Your answer must be an exact copy of the lines below, from the first through the one with "Farbenfrohe, moderne Karierte", with no pictures.

INPUT DATA ->
*** Block opens ***

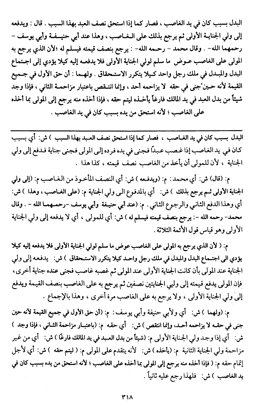 م: (لأن الذي يرجع به المولى على الغاصب عوض ما سلم لولي الجناية الأولى فلا يدفعه إليه كي لا يؤدي إلى اجتماع البدل والمبدل في ملك رجل واحد كي لا يتكرر الاستحقاق) ش: يدفعه إلى ولي الجناية عند المولى بأن كانت الجناية الأولى عند المولى ثم غصبه غاصب فجنى عنده جناية أخرى، فإن المولى يدفع قيمته إلى وليي الجنايتين نصفين ثم يرجع به على الغاصب بنصف القيمة ويدفع إلى ولي الجناية الأولى، ولا يرجع به على الغاصب مرة أخرى، وهذا بالإجماع.
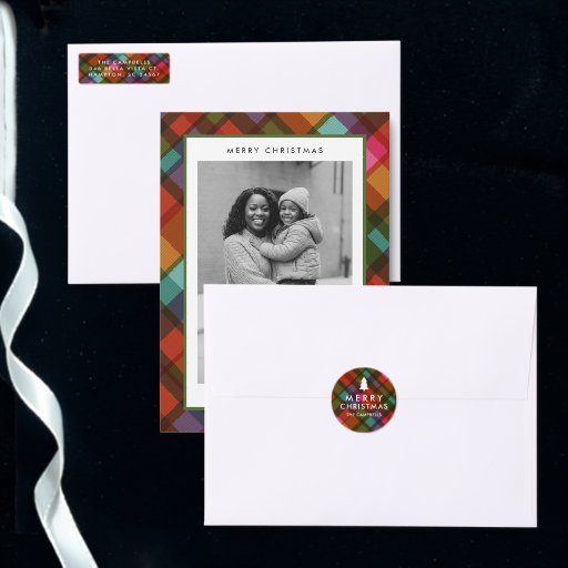Farbenfrohe, moderne Karierte Foto Weihnachten
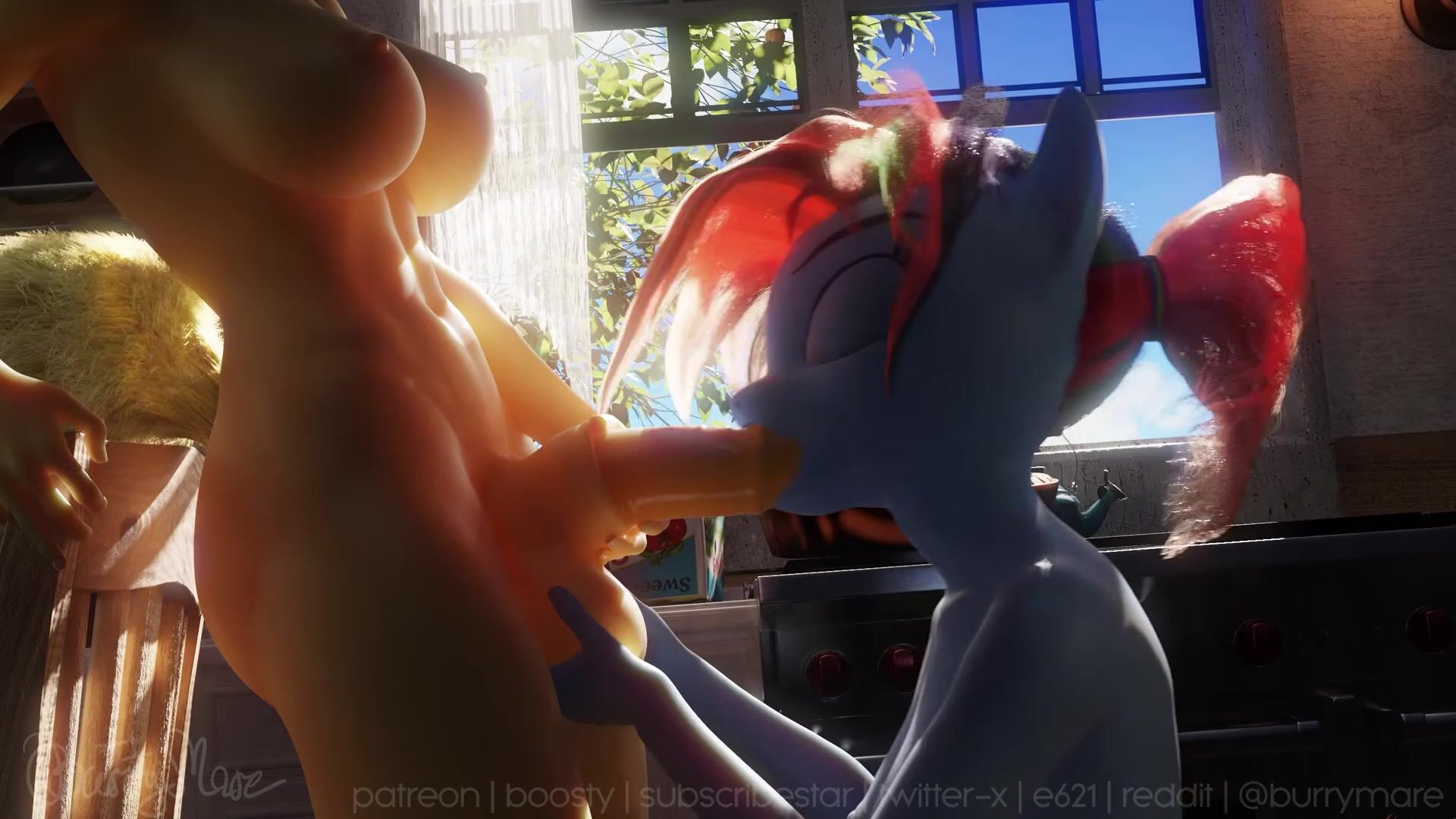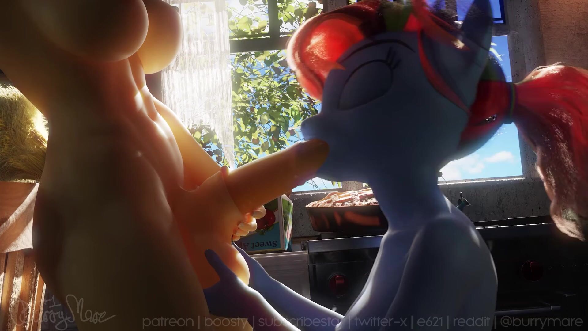 Hello everyone! You asked for it - you got it! A continuation of a solo animation featuring AJ, now a duo with Dash! Also a chance for me to showcase new hair in action and also blowjob setup with all the dynamic stuff. Happy how it turned out :) Remember to check out part 1 if you haven't seen it: https://rule34video.com/video/3594837/burrymare-apple-pie/ Hi-res uncompressed 2K MP4 version as well as more exclusive and early access content available at my Patreon/Boosty/Subscribestar: https://linktr.ee/burrymare https://www.patreon.com/burrymare

*** Block closes ***

WRITTEN SOLUTION ->
 م: (لأن الذي يرجع به المولى على الغاصب عوض ما سلم لولي الجناية الأولى فلا يدفعه إليه كي لا يؤدي إلى اجتماع البدل والمبدل في ملك رجل واحد كي لا يتكرر الاستحقاق) ش: يدفعه إلى ولي الجناية عند المولى بأن كانت الجناية الأولى عند المولى ثم غصبه غاصب فجنى عنده جناية أخرى، فإن المولى يدفع قيمته إلى وليي الجنايتين نصفين ثم يرجع به على الغاصب بنصف القيمة ويدفع إلى ولي الجناية الأولى، ولا يرجع به على الغاصب مرة أخرى، وهذا بالإجماع.
Farbenfrohe, moderne Karierte Foto Weihnachten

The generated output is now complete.